Failure to Supervise and Implement Safety Measures for Residents at Risk
Penalty
Summary
The facility failed to provide adequate supervision and implement safety measures for multiple residents, resulting in deficiencies related to accident hazards and prevention. One resident with severe cognitive impairment, metabolic encephalopathy, and dysphagia was observed eating a pureed diet alone in his room without staff supervision, despite orders and speech therapy recommendations for 1:1 supervision at all meals due to swallowing difficulties. Staff interviews confirmed that this resident should not have been left unsupervised while eating, as he required constant reminders and cueing to ensure safe swallowing practices. Another resident with a history of unsteadiness, falls, and maximum assist needs for transfers was transferred from bed to wheelchair by a CNA without the use of a gait belt, contrary to facility policy and care plan instructions.
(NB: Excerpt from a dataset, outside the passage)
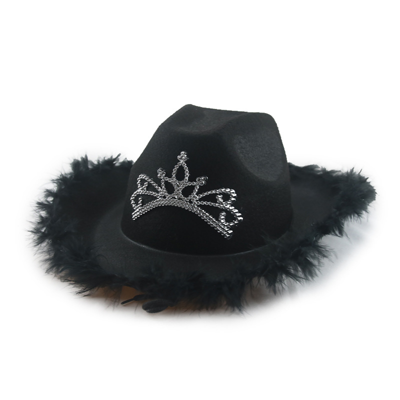 크로스 보더 핑크 실버 깃털 카우보이 모자 여자의 부직포 크라운 웨스턴 카우보이 모자 재즈 컬링 탑 모자 에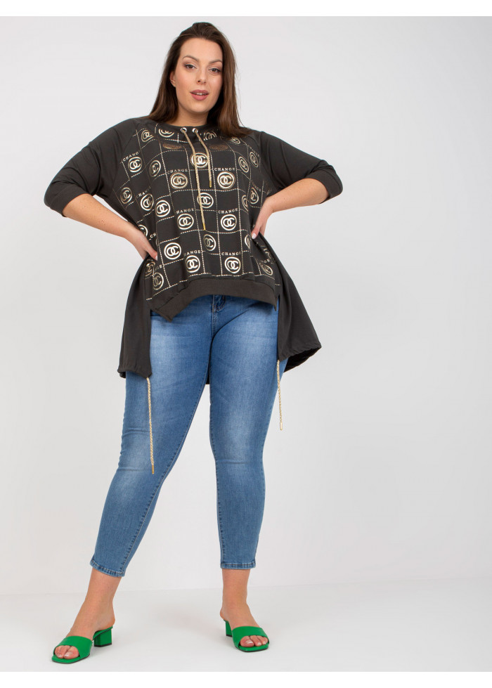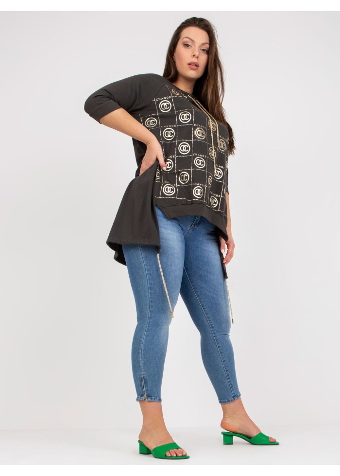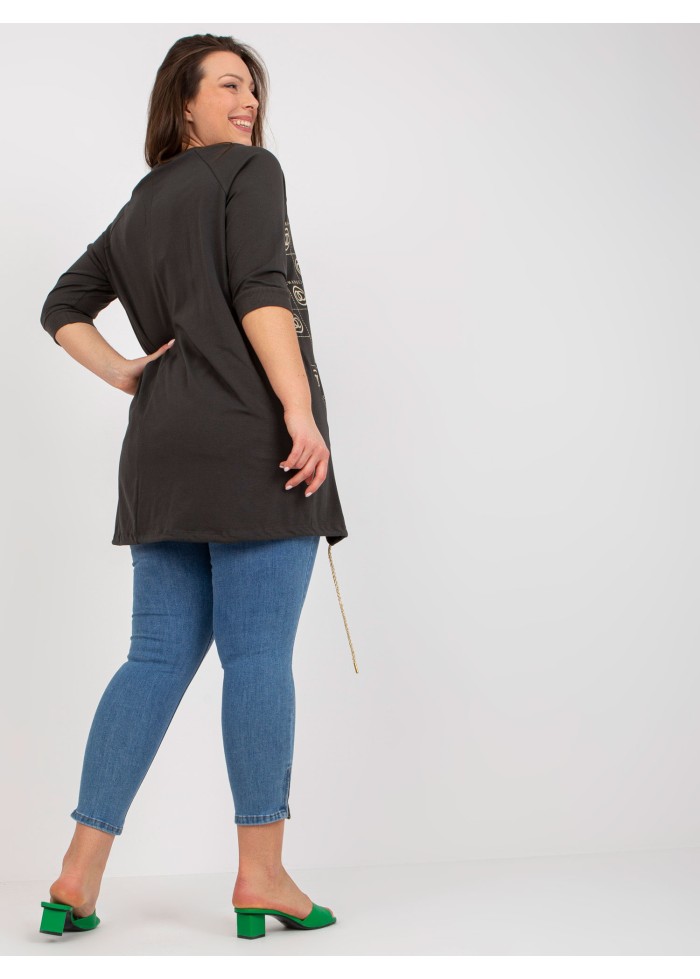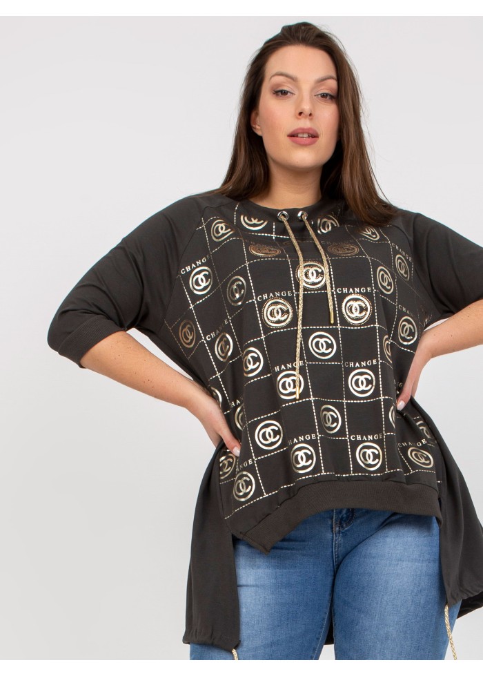 Asymetrická dámska tunika, ozdobná potlač, 3/4 rukávy, šnúrka v spodnej časti, lémy na koncoch rukávov a v spodnej časti, ozdobná šnúrka v dekolte, spôsob prania: pranie v práčke na 30°c, materiál: 90% bavlna, 10% elastan, univerzálna veľkosť, miery modelky: výška: 170 cm, prsia: 108 cm, pás: 86 cm, boky: 120 cm, rozmer produktu meraného na plocho:, šírka pod plecami: 65 cm, dĺžka rukáva: 39 cm, celková dĺžka: vpredu: 70 cm, vzadu: 87 cm.

The CNA held the resident under the arms instead, and the resident reported that gait belts were only used during therapy sessions, not in her room. The Director of Rehab confirmed that a gait belt should be used at all times for this resident due to her high fall risk and potential for sudden weakness during transfers. Additionally, a resident with dementia, hemiplegia, and dysphagia was repeatedly observed eating pureed meals alone in her room with the privacy curtain drawn, making her invisible from the hallway. Both the facility dietician and DON stated that this resident required supervision at all meals due to her high risk of choking and aspiration. Another resident with a traumatic brain injury and high fall risk was found alone in her room with the door and blinds closed, contrary to posted safety instructions and care plan interventions. The care plan had not been updated to reflect a recent fall with injury, and required fall precautions were not consistently maintained.